I'm three months on from my break up with who I thought I'd be with forever and I'm in such a better and free headspace now! Taking up a new hobby helps too!"
"As crass as it sounds, the first step for me was to sleep with someone else. Not out of lust, but it enabled me to stop connecting sex with my ex-partner and start seeing it as another part of normal life that I could do without him. Of course, this should only be done when you are really ready, otherwise you will just regret it and hate yourself for it."
"Listen to really sad break up songs and have a good cry. Then once you've got it all out put some upbeat empowering break up songs on – dance, sing and remember how awesome and amazing you are."

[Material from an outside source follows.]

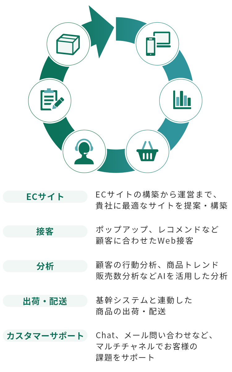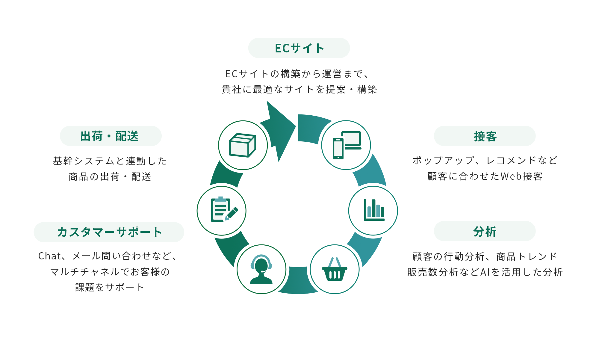 EC事業に必要なカート、決済、物流、広告、ECモール連携など、システム開発から運営代行までを幅広く運営。

"Know that this feeling is temporary and you'll get through it eventually – likely without even realising. Allow yourself time to heal – distract yourself if you need to but allow yourself to wallow in pity sometimes too. Know that this journey isn't linear and sometimes you'll feel that you're taking backwards steps but eventually you'll make it through."
"After you have had some time to grieve and get your life back on track; make sure that you learn from the breakup. Think about why you allowed yourself to be treated in a way that didn't suit you; what habits you have that made the relationship less successful; or whether it was just bad circumstances. Try reading some self-help books, speaking to a therapist or asking friends for advice to give you ideas. Then you can be confident that next time round you will have a better chance of finding a good relationship."
"One thing I've always used, at some point in the grieving process is to start a list of all the positive aspects of having this person out of your life. For me, I was very happy about not having to deal with my ex's mother or step-father again. Your mileage may vary."
"Make a list of the 'fantasy' vs 'reality' – the way you remember things versus the way it really was. A lot of people tend to romanticise the past, remembering it to be better than it actually was."
"Invite all your best friends over, drink wine, and watch The First Wives Club. YOU DON’T OWN ME!"
"Distraction. Go for a hike and leave your phone in the car. Actually, stay off your phone (social media especially) as much as possible on days you have that huge pit in your stomach. Spend time with the people who truly know you and will listen to every wild thought in your head. Cry. Listen to angry music (my personal fave). Pet your dog. Go out to dinner with your best friends.
The more time that's put between you and the break up, the easier it gets. Distract yourself with other activities until the pain dulls a bit and you can think more rationally about the relationship."
"Anytime you feel mopey or want to call or message them, go for a nice long run outdoors. It helps to clear those residual cobwebs."
"Sometimes therapy can be a great option to help you reset! After my husband left me, my therapist helped me restructure my life and set myself up for more mindful relationships in the future."
"Every breakup is simply an opportunity! Dating is all trial and error til we find that 'One'. So why would you want someone who doesn’t see you as that? You now have that opportunity to take what you learned in that relationship, find yourself and then the one will come!"
"Allow a period of separation before trying to be friends. Afterwards, truly evaluate whether or not you’d like for them to be in your life. Chances are you need them much less than you thought you did."
"For every six months I was in the relationship, I gave myself two weeks to recover."
"My mantra is 'it was a good chapter, but it isn’t the entire story.' That helps me focus on the good parts of the relationship, find some lessons from it and remember that my story isn’t over. It also keeps me in a positive mindset and not look at the other person with hate. Definitely has made it easier to find closure!"
Some entries have been edited for clarity and length.